Transferred from: http://blog.chinaunix.net/uid-12461657-id-3487463.html
Original address: A supplemental description of the interrupt stack and kernel stack in the Linux kernel MagicBoy2010
interrupt stack and kernel stack topic is more of the core category, so in the "deep Linux device driver kernel mechanism" in the 5th chapter "Interrupt Processing", basically did not relate to the above content, just in section 5.4 has a little text to discuss the interrupt stack in the case of the interruption of the potential overflow problem.

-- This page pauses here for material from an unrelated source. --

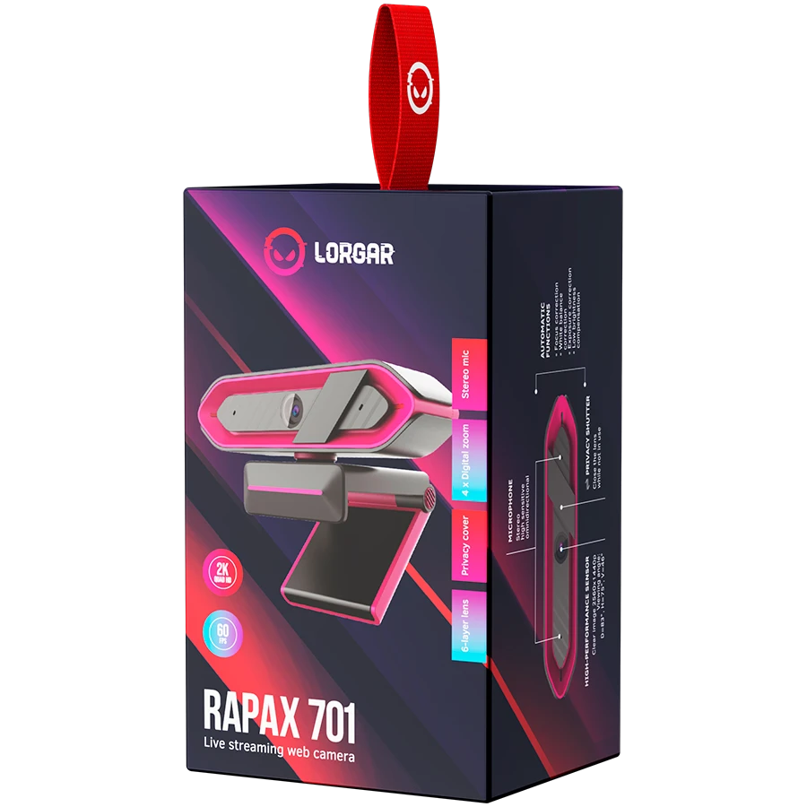 Веб-камера LORGAR Rapax 701 Streaming 2K Pink (LRG-SC701PK)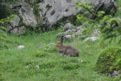 Am Wochenende war das Wetter am Vormittag noch ein wenig kühl, windig und neblig. Aber ein ideales Wetter um in den Bergen, im Laubensteingebiet bei Aschau i.Chiemgau, die Alpensalamander zu entdecken. Mehrer Exemplare waren unterwegs und den Schutz des Nebels nutzte offensichtlich der wenig ängstliche Angsthase (lepus timidus: Schneehase).

This post on the basis of the core stack and interrupt stack to complement the topic, discussed based on the x86 32-bit system, because the 64-bit system Linux kernel on the stack support principle is the same, but also some features are 64-bit specific, such as IST (Interrupt Stack Table), If possible in the future will be in the processor section to send a post specifically discussed.
1. 
x86 if the kernel stack is shared with the interrupt stack
We know that every user process in the Linux system has a task_ A struct object to represent, at the same time at the processor level also corresponds to a TSS (Task state Segment), when the interrupt occurs, the user process is either in the user (Ring 3) or in the kernel State (ring 0), if it is in the user state, then the stack switching problem occurs, That is, switching to the kernel state of the stack, if it is in the kernel state, then there is no problem of stack switching. But the x86 processor has only one ESP on Ring 0, which means that only one stack can be used after an outage, which is the kernel stack (kernel stack). The hardware logic of the processor will press the next instruction (CS,EIP) of the interrupted process and the eflag into the stack, of course, if the user-state stack is switched to the kernel stack, the processor will also press the user-state (SS, ESP) into the stack, when the kernel stack is used. This behavior belongs to the hardware logic category of the processor, not the behavior of the system software.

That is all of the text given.